Orion's Belt
- First edition (Norwegian)
- Author: Jon Michelet
- Original title: Orions belte
- Language: Norwegian
- Genre: Action-thriller
- Set in: Svalbard
- Publisher: Oktober Forlag
- Publication date: 1977
- Publication place: Norway

= Orion's Belt (novel) =

1977 novel by Jon Michelet

Orion's Belt (Orions belte) is an action-thriller novel written by Norwegian author Jon Michelet. It was published by Oktober Forlag in 1977 and became a popular seller. It was translated into English by Ellen Nations. The novel was adapted into a 1985 film by the same name, which is regarded as Norway's first modern action film.
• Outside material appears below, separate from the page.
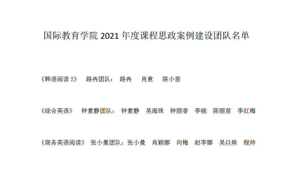 2021年度课程思政案例建设团队名单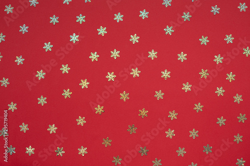 Red abstract christmas background with holographic glitter snowflake

The novel follows three shabby Svalbard-based seamen who discover a Soviet bearing station. They are subsequently both targets of Soviet liquidation and American interrogation in an attempt quiet them and retain the political status quo. The Cold War topics were a critique of the Norwegian policy of allowing a
Soviet presence on Svalbard.

The book received mixed reviews. It was appreciated by Dagbladet, but criticized by Aftenposten. The book's popularity came in part from the public interest in what 3,000 Russians were doing living on the Norwegian archipelago. The title is a reference to that Svalbard was as central located in a potential Cold War war theater as Orion's Belt. The novel also played on the fear of nuclear war and the lack of information from Norwegian media about the issue.